_PROBLEM TO WORK ON_
Each line below needs to be returned exactly. Skip any picture.

START SUPPLIED DATA

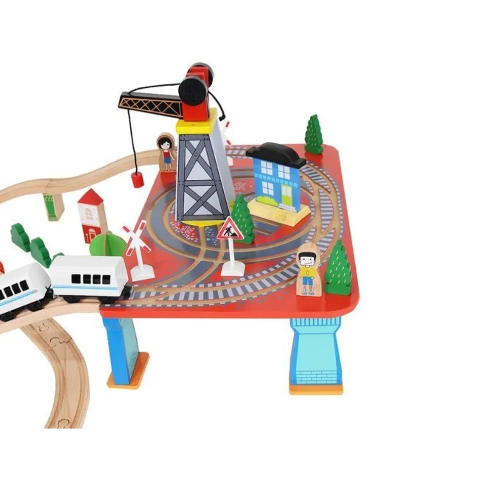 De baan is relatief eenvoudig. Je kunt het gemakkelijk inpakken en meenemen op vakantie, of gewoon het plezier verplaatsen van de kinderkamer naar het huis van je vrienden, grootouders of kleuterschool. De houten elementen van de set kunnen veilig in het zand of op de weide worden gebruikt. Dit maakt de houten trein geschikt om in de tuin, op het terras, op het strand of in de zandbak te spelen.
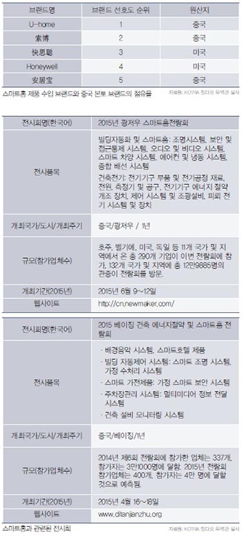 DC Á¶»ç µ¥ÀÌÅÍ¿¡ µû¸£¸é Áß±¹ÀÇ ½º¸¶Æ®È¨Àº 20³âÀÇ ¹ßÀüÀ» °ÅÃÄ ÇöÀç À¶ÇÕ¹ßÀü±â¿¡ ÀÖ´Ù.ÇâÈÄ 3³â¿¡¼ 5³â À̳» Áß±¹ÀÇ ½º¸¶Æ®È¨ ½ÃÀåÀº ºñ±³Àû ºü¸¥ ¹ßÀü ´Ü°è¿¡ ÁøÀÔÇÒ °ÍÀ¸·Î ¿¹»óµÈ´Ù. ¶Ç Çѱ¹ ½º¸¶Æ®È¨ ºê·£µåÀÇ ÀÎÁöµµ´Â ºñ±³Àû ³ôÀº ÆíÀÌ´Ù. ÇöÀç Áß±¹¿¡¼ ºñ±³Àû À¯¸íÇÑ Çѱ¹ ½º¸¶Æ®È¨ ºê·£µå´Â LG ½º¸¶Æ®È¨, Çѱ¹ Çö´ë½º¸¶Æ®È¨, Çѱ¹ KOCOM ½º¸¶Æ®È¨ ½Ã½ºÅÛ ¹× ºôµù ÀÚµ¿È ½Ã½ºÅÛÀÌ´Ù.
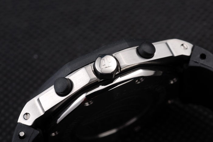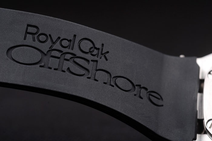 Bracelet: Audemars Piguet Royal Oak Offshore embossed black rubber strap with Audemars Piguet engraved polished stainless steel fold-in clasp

END SUPPLIED DATA

_RESULT OF THE EXERCISE_
 De baan is relatief eenvoudig. Je kunt het gemakkelijk inpakken en meenemen op vakantie, of gewoon het plezier verplaatsen van de kinderkamer naar het huis van je vrienden, grootouders of kleuterschool. De houten elementen van de set kunnen veilig in het zand of op de weide worden gebruikt. Dit maakt de houten trein geschikt om in de tuin, op het terras, op het strand of in de zandbak te spelen.
 DC Á¶»ç µ¥ÀÌÅÍ¿¡ µû¸£¸é Áß±¹ÀÇ ½º¸¶Æ®È¨Àº 20³âÀÇ ¹ßÀüÀ» °ÅÃÄ ÇöÀç À¶ÇÕ¹ßÀü±â¿¡ ÀÖ´Ù.ÇâÈÄ 3³â¿¡¼ 5³â À̳» Áß±¹ÀÇ ½º¸¶Æ®È¨ ½ÃÀåÀº ºñ±³Àû ºü¸¥ ¹ßÀü ´Ü°è¿¡ ÁøÀÔÇÒ °ÍÀ¸·Î ¿¹»óµÈ´Ù. ¶Ç Çѱ¹ ½º¸¶Æ®È¨ ºê·£µåÀÇ ÀÎÁöµµ´Â ºñ±³Àû ³ôÀº ÆíÀÌ´Ù. ÇöÀç Áß±¹¿¡¼ ºñ±³Àû À¯¸íÇÑ Çѱ¹ ½º¸¶Æ®È¨ ºê·£µå´Â LG ½º¸¶Æ®È¨, Çѱ¹ Çö´ë½º¸¶Æ®È¨, Çѱ¹ KOCOM ½º¸¶Æ®È¨ ½Ã½ºÅÛ ¹× ºôµù ÀÚµ¿È ½Ã½ºÅÛÀÌ´Ù.
 Bracelet: Audemars Piguet Royal Oak Offshore embossed black rubber strap with Audemars Piguet engraved polished stainless steel fold-in clasp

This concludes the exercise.